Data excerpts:
..........
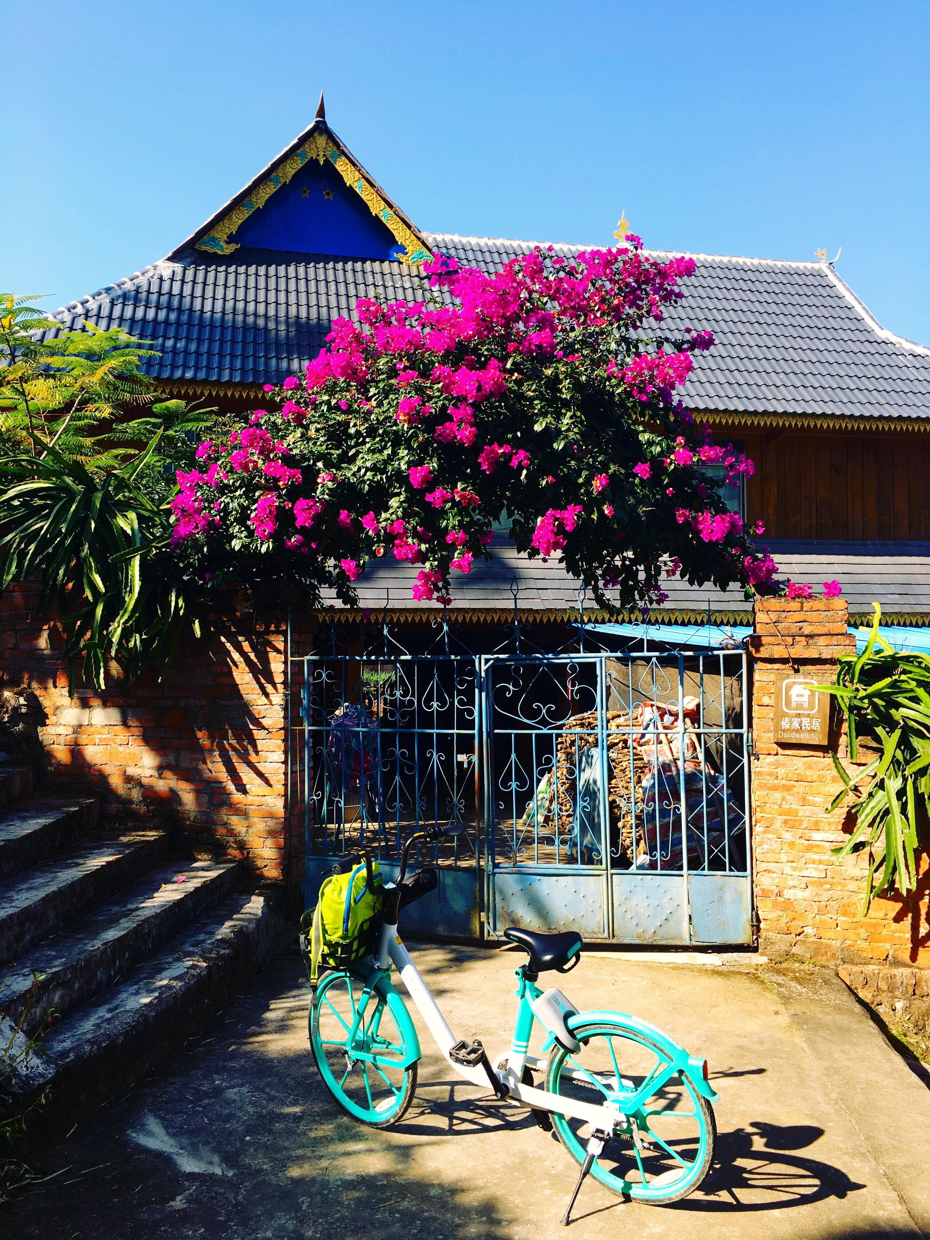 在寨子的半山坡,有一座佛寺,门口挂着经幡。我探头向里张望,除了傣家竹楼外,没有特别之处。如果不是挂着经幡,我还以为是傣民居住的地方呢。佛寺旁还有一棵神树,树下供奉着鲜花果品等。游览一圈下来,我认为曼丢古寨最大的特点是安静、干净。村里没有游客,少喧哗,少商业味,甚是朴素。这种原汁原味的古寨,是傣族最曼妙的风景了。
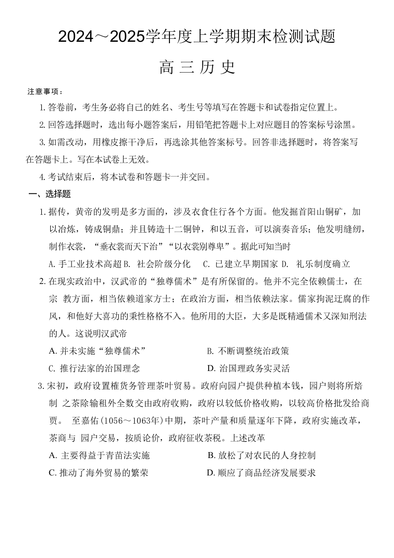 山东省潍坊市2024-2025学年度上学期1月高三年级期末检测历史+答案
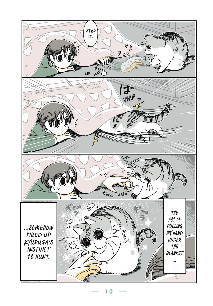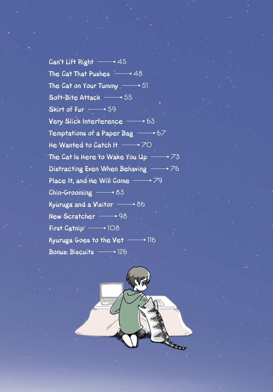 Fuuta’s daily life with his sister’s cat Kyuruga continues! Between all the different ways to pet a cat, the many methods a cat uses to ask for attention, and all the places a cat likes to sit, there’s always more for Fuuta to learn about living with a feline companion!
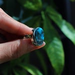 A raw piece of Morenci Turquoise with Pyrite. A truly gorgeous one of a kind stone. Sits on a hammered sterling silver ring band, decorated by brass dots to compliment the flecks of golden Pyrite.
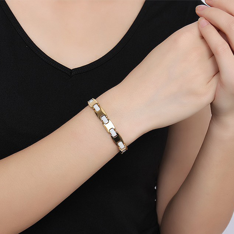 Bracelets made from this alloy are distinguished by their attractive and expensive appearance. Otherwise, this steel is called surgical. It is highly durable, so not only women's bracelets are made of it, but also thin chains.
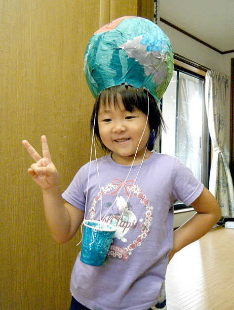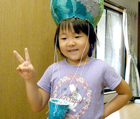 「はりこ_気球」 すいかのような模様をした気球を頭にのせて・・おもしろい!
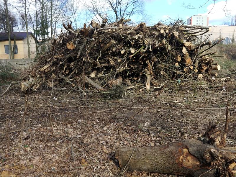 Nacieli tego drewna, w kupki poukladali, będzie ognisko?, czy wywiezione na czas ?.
..........
Required work —
Copy all of the records verbatim, omitting the pictures.

Task result —
 在寨子的半山坡,有一座佛寺,门口挂着经幡。我探头向里张望,除了傣家竹楼外,没有特别之处。如果不是挂着经幡,我还以为是傣民居住的地方呢。佛寺旁还有一棵神树,树下供奉着鲜花果品等。游览一圈下来,我认为曼丢古寨最大的特点是安静、干净。村里没有游客,少喧哗,少商业味,甚是朴素。这种原汁原味的古寨,是傣族最曼妙的风景了。
 山东省潍坊市2024-2025学年度上学期1月高三年级期末检测历史+答案
 Fuuta’s daily life with his sister’s cat Kyuruga continues! Between all the different ways to pet a cat, the many methods a cat uses to ask for attention, and all the places a cat likes to sit, there’s always more for Fuuta to learn about living with a feline companion!
 A raw piece of Morenci Turquoise with Pyrite. A truly gorgeous one of a kind stone. Sits on a hammered sterling silver ring band, decorated by brass dots to compliment the flecks of golden Pyrite.
 Bracelets made from this alloy are distinguished by their attractive and expensive appearance. Otherwise, this steel is called surgical. It is highly durable, so not only women's bracelets are made of it, but also thin chains.
 「はりこ_気球」 すいかのような模様をした気球を頭にのせて・・おもしろい!
 Nacieli tego drewna, w kupki poukladali, będzie ognisko?, czy wywiezione na czas ?.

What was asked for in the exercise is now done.